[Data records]
☆ ☆ ☆ ☆ ☆

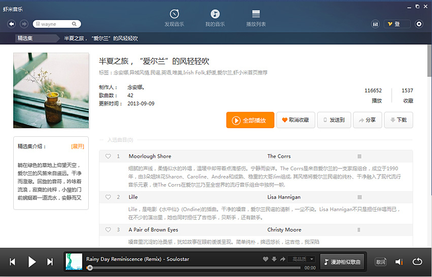 3、最自由的听歌体验,500多万张由音乐达人制作的绝赞精选集,满足千奇百怪的听歌爱好;
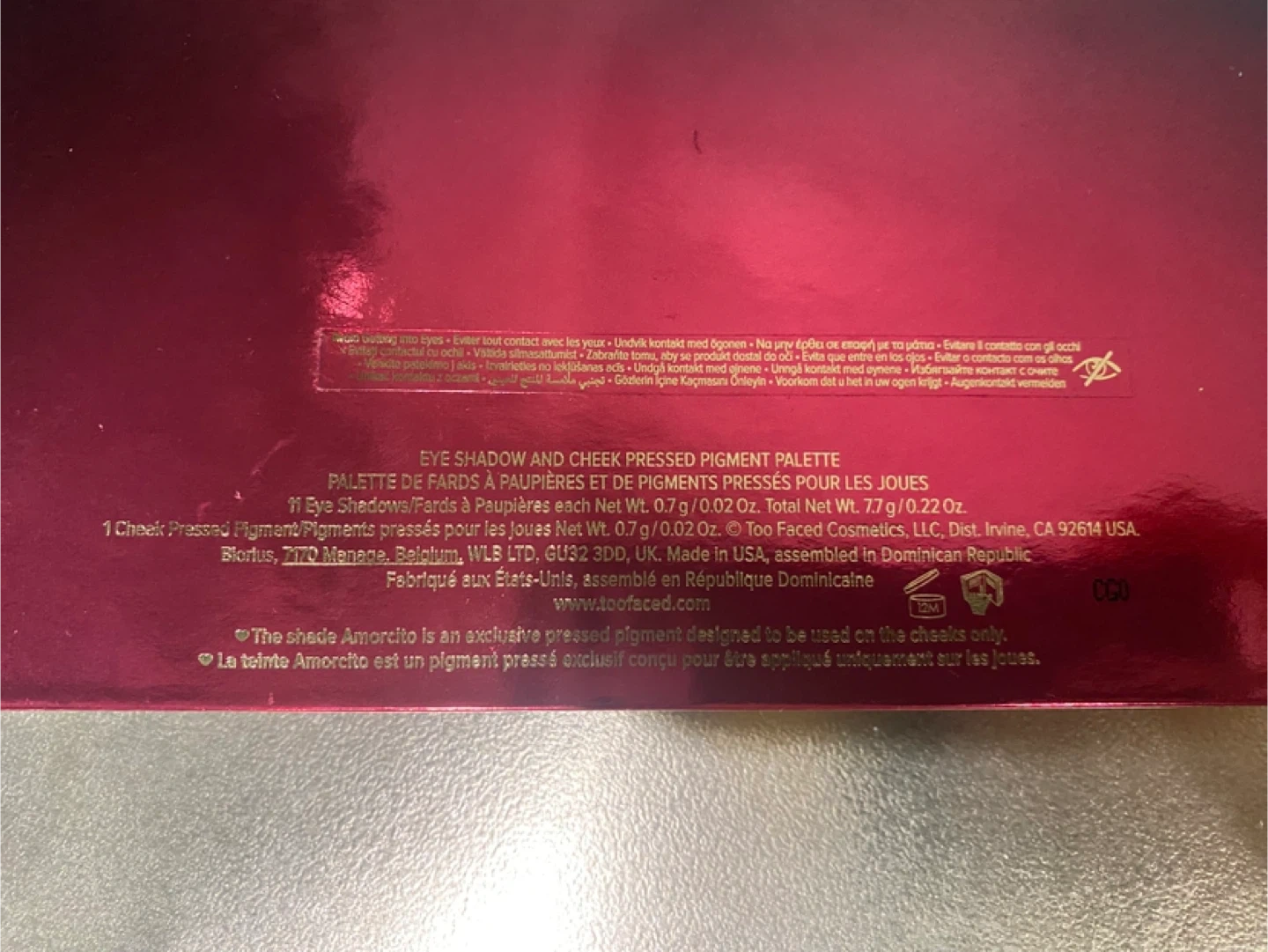 Never used Too Faced Mariale Amor Caliente Eyeshadow & Cheek Pressed Pigment Palette. It includes 11 eyeshadows and 1 pressed pigment designed for cheeks.
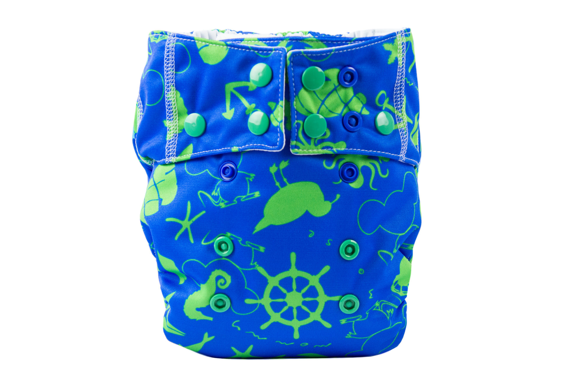 The entire diaper has been very carefully designed. The diaper consists of a colourful, waterproof PUL fabricon which the absorbent part of the diaper is sewn into.
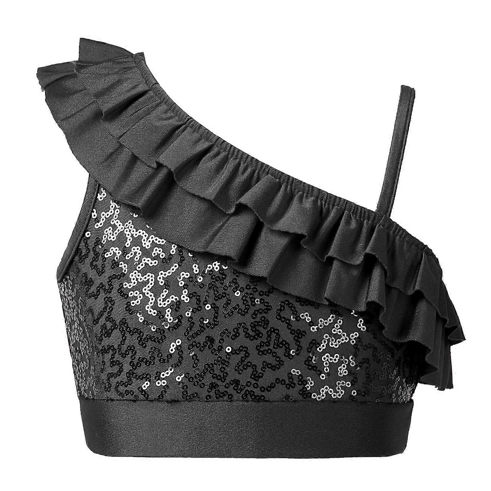 Girls Shiny Sequined Dance Crop Top Asymmetrical Shoulder Straps Jazz Dancewear
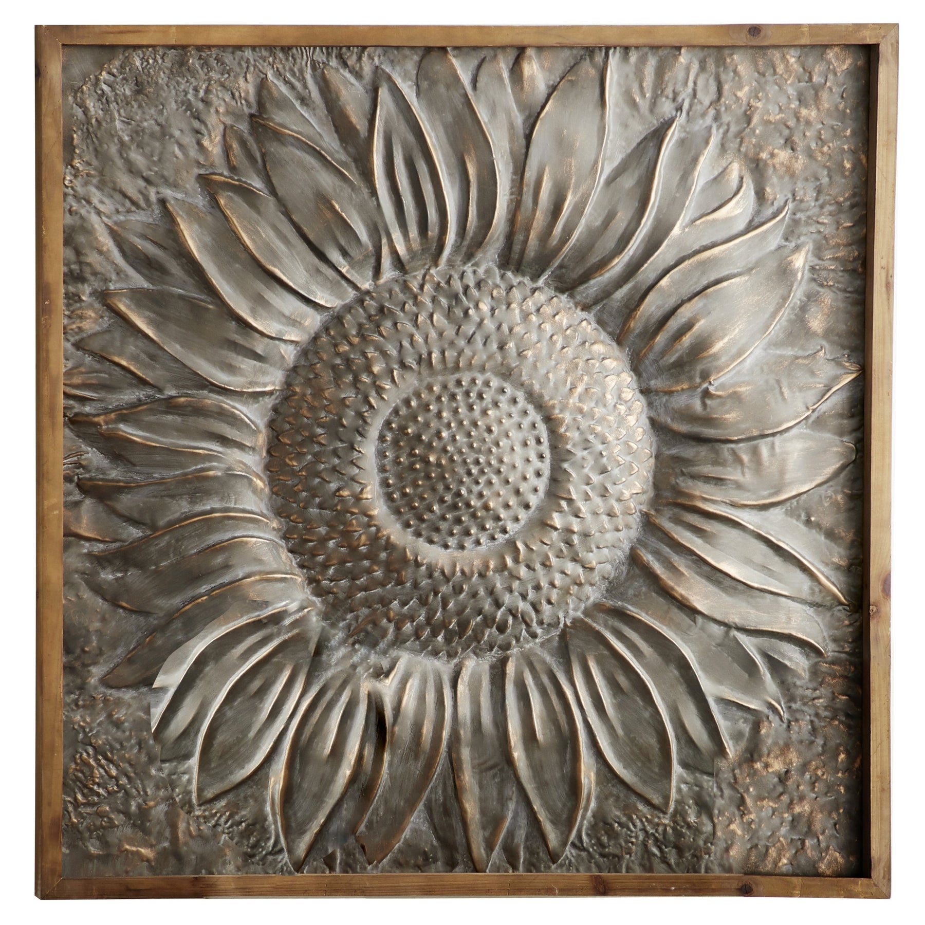 • Le décor carré pour mur présente une finition gris satiné saisissante, avec son tournesol en métal argenté foncé mis en valeur par des coups de pinceau dorés métalliques et un cadre marron
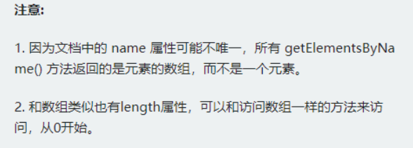 与getElementById() 方法不同的是,通过元素的 name 属性查询元素,而不是通过 id 属性。

☆ ☆ ☆ ☆ ☆

Transcribe the span of lines that runs from the line with "The entire diaper" to the end of the data, both ends included, exactly, with nothing else and no pictures.

 The entire diaper has been very carefully designed. The diaper consists of a colourful, waterproof PUL fabricon which the absorbent part of the diaper is sewn into.
 Girls Shiny Sequined Dance Crop Top Asymmetrical Shoulder Straps Jazz Dancewear
 • Le décor carré pour mur présente une finition gris satiné saisissante, avec son tournesol en métal argenté foncé mis en valeur par des coups de pinceau dorés métalliques et un cadre marron
 与getElementById() 方法不同的是,通过元素的 name 属性查询元素,而不是通过 id 属性。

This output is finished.